Thursday, 10 August 2023

Love Among The Ruins - Evelyn Waugh.

 


"Love Among the Ruins. A Romance of the Near Future", is a dystopian novel by Evelyn Waugh, which was published in 1953. It takes its title from a poem by Robert Browning called "Love Among the Ruins", published in 1855.

Waugh's novel is a satire and an attack on the welfare state and the quasi-egalitarianism, that the Labour government was building in Britain, in the early 1950s. The author despised socialism, plastic, and the modern age. Waugh wrote the novel in response to the Labour Party's victory in the 1950 General Election.

The hero of the story, Miles Plastic, an orphan, is a semi-reformed arsonist, a pyromaniac, who is nearing the end of a term of imprisonment for arson. Waugh says that his parents had been ruined and reduced to poverty by the impositions of socialism and high taxes, and forced to divorce. He was handed over to an aunt who died of boredom from working in a factory. He was then raised in an orphanage. Evelyn Waugh says of Miles, "Huge sum were thenceforward spent upon him; sums which, fifty years earlier, would have sent whole quiversful of boys to Winchester and New College and established them in the learned professions..."

In Satellite City, where Miles is sent on his release, crime is dealt with leniently and there is a high level of recidivism. There are no criminals, only victims of inadequate social services. Miles goes to work in the euthanasia centre run by Dr Beamish. It's one of the cushier jobs in Satellite City and there is no shortage of customers or "welfare weary" citizens, who are queueing up to die. Although Dr Beamish runs the centre, Miles finds that the doctor is rather indignant that people can't find another way to die.

In Satellite City, orphans and offenders like Miles Plastic, are always given priority when it comes to getting jobs, and he's the envy of all his colleagues. One of his colleagues says to him, "Great State! You must have pull. Only the very bright boys get posted to Euthanasia. I've been in Contraception for five years. It's a blind alley."

Miles begins a romance with Clara, a bearded ballerina - a side effect of a botched sterilisation operation - who is a "priority case" at the centre. Clara doesn't wish to die, but she's been referred to the centre by the department where she works. Miles and Clara fall in love and she becomes pregnant. One day, Clara disappears and when Miles eventually finds her, he finds she has a rubber jaw replacing her formerly bearded face and his child has been aborted.

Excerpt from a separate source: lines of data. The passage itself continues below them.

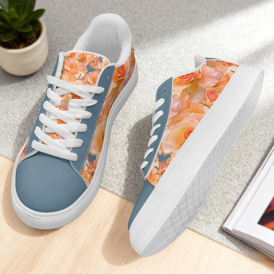 Floral Embosses: Roses 03-01 "Apricot Bloom Essential" Low Top PU Leather Sneakers
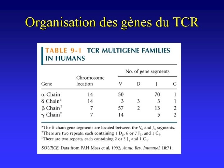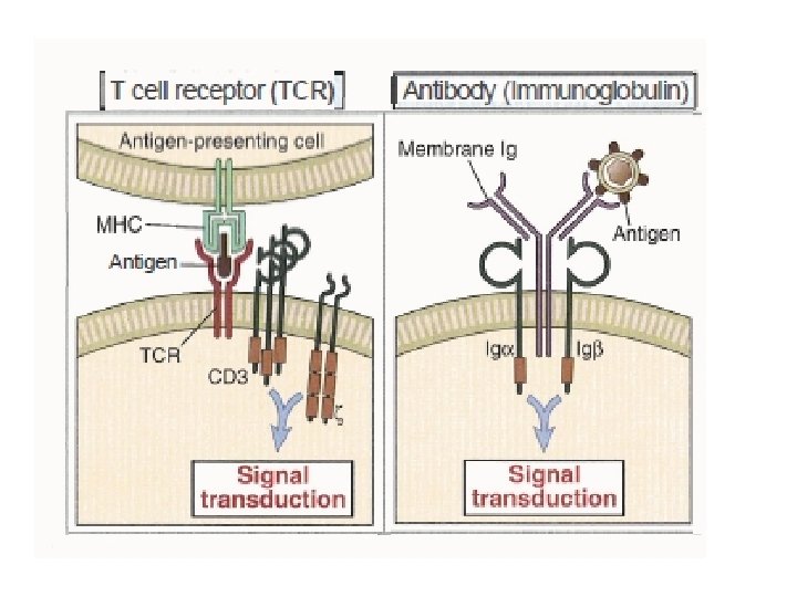 αß TCR • 90% of TCR is αß • TCR complex is the αß receptor plus the ζ chain and two CD 3 signaling proteins • Each chain constitute of one variable, one constant, hinge, transmembrane and cytoplasmic tail • covalently linked to each other by a disulfide bridge between extracellular cysteine residues • TCR that specifically recognizes peptide-MHC complexes • Hypervariable regions on both Vα and Vß are the same as those of antibody located on Ag-binding site and called CDR and they are 3 sites for each
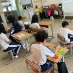 集団学習では、手遊び歌、絵本の読み聞かせ、算数・国語の学習をしています。みんなの前で発表することに慣れ、堂々と発表できることも増えてきました。個別学習では、個々の課題をそれぞれの先生に教えてもらいながらがんばっています。
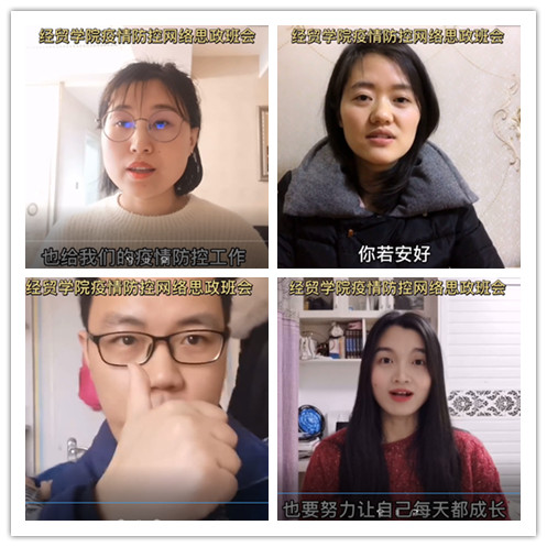 “同学们,你晚来或者更晚来,学院就在这里,不离不弃。”这是经济贸易学院心理专干刘丽霞老师在网络思政班会视频中一句饱含深情的语句。为了将班会开出实效,同时考虑到疫情之下的有限条件,该二级学院年级组长张婷、徐纹、江雯和刘丽霞4位老师,策划并录制了疫情防控网络思政班会视频,面向所有班级作为班会素材进行共享。该视频分别从“正确面对疫情,不畏惧、不麻痹”、“居家隔离搞学习”两个部分,向同学们讲述如何“不信谣、不传谣”、“增强自信、不恐慌”、“做好自我防护要记牢”,最终引导大家如何“让特殊的假期变得有意义”。“同学们,你们是否健康安全,能否好好的保护自己,是学院和老师们每天最关心的事情!”张婷老师在视频中说出了每一位辅导员、班主任的心声。“同学们,即使假期漫长,也要努力让自己每天都有收获!”江雯老师为同学们提出真诚的建议。“同学们,加油!健康依旧!阳光依旧!”徐纹老师代表辅导员和班主任为同学们加油鼓劲。
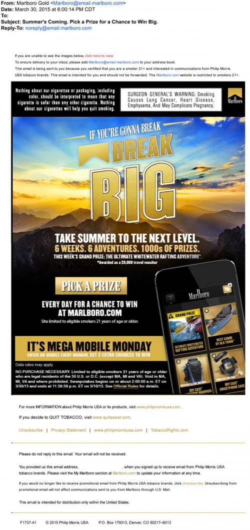 Marlboro Gold email inviting the recipient to "take summer to the next level" and visit the brand website to participate in the Break Big sweepstakes. Visitors will have the chance to win various prizes over 6 weeks. On Mondays, users can make their daily entry via mobile and get 3 extra chances to win in the Mega Mobile Monday promotion.

In anger, Miles sets fire to his former prison but he's not identified as the perpetrator of the crime.

As a model rehabilitated prisoner, Miles gets promoted and he's sent to London to give a series of lecture tours on the worthiness of the prison system. He loses interest in Clara and is forced to marry the "gruesome" Miss Flower, a civil servant. Miles is whisked off to the registry office and half way through the wedding service, Miles starts to fidget with his cigarette lighter. We're left wondering whether Miles is just about to start another fire.